But it all happened.

It’s a tale well told in the new book by Washington Post reporter David Weigel: “The Show That Never Ends — The Rise and Fall of Prog Rock” (out Tuesday). Weigel has a journalist’s eye for the well-chosen anecdote as well as a lifelong fan’s mastery of the music, facts and arcana of the genre.

Both the “rise and fall,” as Weigel aptly describes, were steep. At its mid-’70s peak, progressive rock was as commercially formidable a music genre as any other.

And yet so much of it turned out to be culturally evanescent: To name but one example, Emerson, Lake & Palmer sold out stadiums all across the United States with a musical program comprised almost entirely of songs longer than 10 minutes at a stab, each featuring complicated chord changes, multiple shifts of tone and tempo, tricky meters and blindingly virtuoso musicianship.

ELP headlined a festival in 1974 where they played to nearly half a million fans. Today? They’re treated as an (unfairly maligned) afterthought to our shared cultural narrative of ’70s popular music. Another example: Mike Oldfield’s purely instrumental “Tubular Bells” was one of the biggest-selling records of the entire decade; now it’s a footnote, remembered if at all as “that album with the Exorcist theme music.” But in its era it was as pervasive as anything by Wings or the Rolling Stones, and arguably superior to all but the best work of either.

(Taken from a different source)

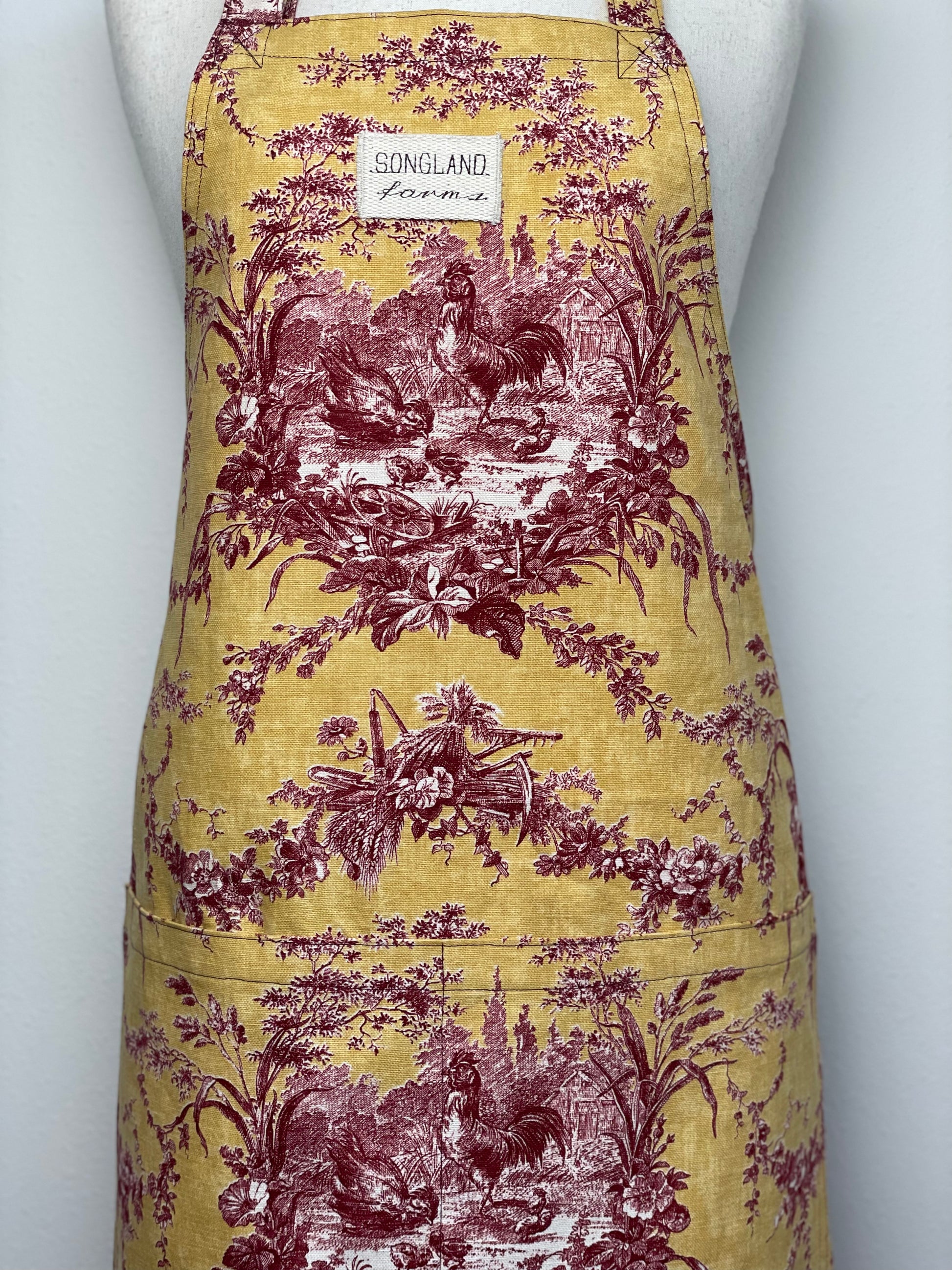 Handmade from vintage cotton Waverly fabric in warm mustard yellow and deep red. The pattern features pastoral toile scenes with roosters, hens, trees, and floral framing, creating a classic French-country look with rich detail. The cotton has a comfortable weight and drapes well while remaining durable for cooking or craft work. Made using repurposed fabric, it blends a traditional farm-toile textile with a clean, functional design suited for daily tasks.

So why did it die off — in such a final way? Even disco — the other great musical victim of cultural backlash in the ’70s — survived undercover into the ’80s, its basic principles transmuted into R&B and the newer genres of club and house music. But progressive rock did not: it’s been reduced to either a nostalgia proposition, or the province of resolutely uncool niche acts whose fan bases consist primarily of awkward young men with fascinating facial hair.

Weigel’s unstated thesis is that the music itself was not to blame, and it is impossible to disagree. Prog’s worst excesses (think billowing smoke machines, 30-minute faux-sonatas, self-indulgent faeries-and-sorcerers thematics, etc.) were dire, to be sure.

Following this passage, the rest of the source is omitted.